Now here’s the hard part. You two are probably distant right now Not because you don’t care. Because you feel guilty. Guilty laughing. Guilty touching. Guilty feeling something that looks like love without me there. Stop it. Go to therapy. Together. Separately. Do not let grief turn into avoidance. I know how you both process pain — by trying to carry it alone. Don’t. I brought you together because I knew you were a perfect fit. You both challenge each other. You both crave depth. You both love fiercely and stubbornly. Don’t let my death be in vain. If I fought my whole life against my own blood just to love you both, then the least you can do is live.

Travel. Touch. Argue and reconcile. Build something. And when you feel joy again, don’t silence it. That’s me too. I love you in a way that never ends.

Love Always,

— Lena

My voice breaks before the last word. Zaria is crying silently now, shoulders shaking. I don’t realize I’m crying until a tear hits the paper and blurs her signature.

“She knew,” Zaria whispers hoarsely. “She knew we pulled away.”

I nod, unable to speak.

We did pull away. We slept on opposite sides of the bed. We avoided eye contact too long. We pretended our love was a shared hallucination.
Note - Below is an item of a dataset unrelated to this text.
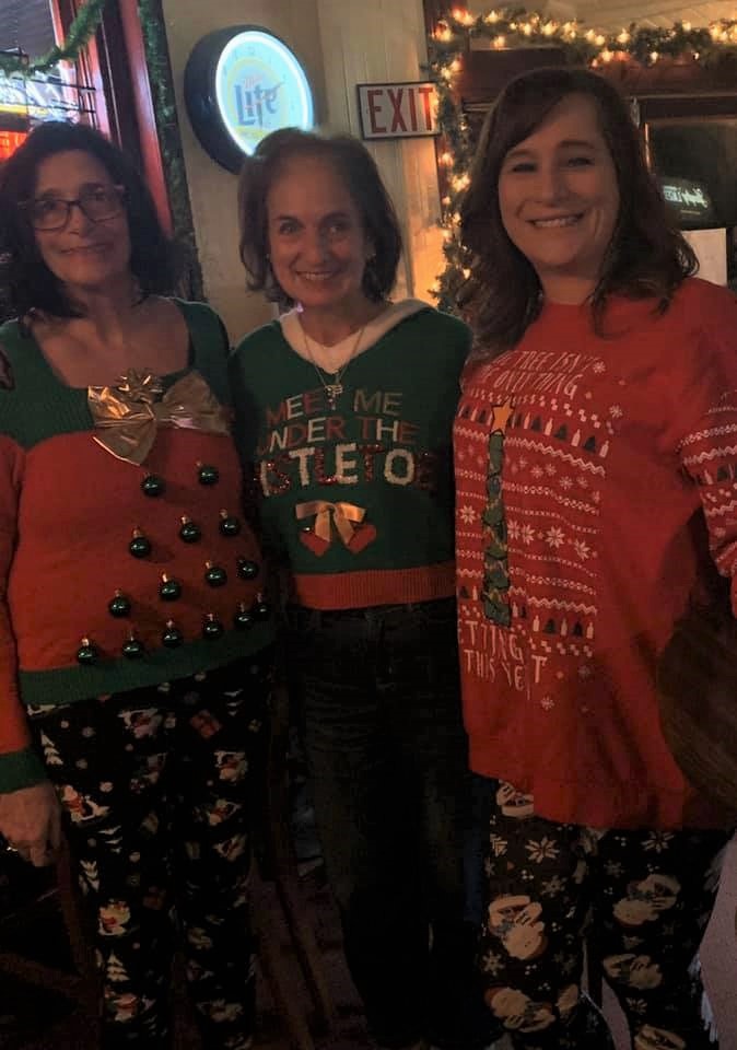 Deb, me, & the beautiful Ms. Mandi. Her Ugly Christmas sweater says, "The Christmas tree isn't the only thing getting lit this year" and it lights up, too.

“She said don’t let her death be in vain,” Zaria says quietly.

I swallow hard.

“We haven’t been living,” I admit.

“No,” she agrees. “We’ve been surviving.”

I fold the letter carefully before pressing it back into the envelope like it’s sacred.

“She told us to go to therapy,” I say.

Zaria gives a wet laugh. “Of course she did.”

I look at her fully for the first time in weeks.

“We feel guilty,” I say plainly.

“Yes.”

“For loving each other.”

“Yes.”

Silence stretches between us. Then I stand and cross the room slowly. I stop in front of her.

“She didn’t bring us together to collapse when she left,” I say.

Zaria’s eyes search mine. “You still love me?” she asks, voice small in a way I’ve never heard before.

“With everything I have,” I answer immediately.

She nods as tears start to fall again. “Then let’s not waste it,” she whispers.

I pull her into my arms. We don’t rush. We don’t pretend the grief isn’t there. It is.

But beneath it?

So is love.

It’s been six months since it doesn’t feel like betrayal to admit that.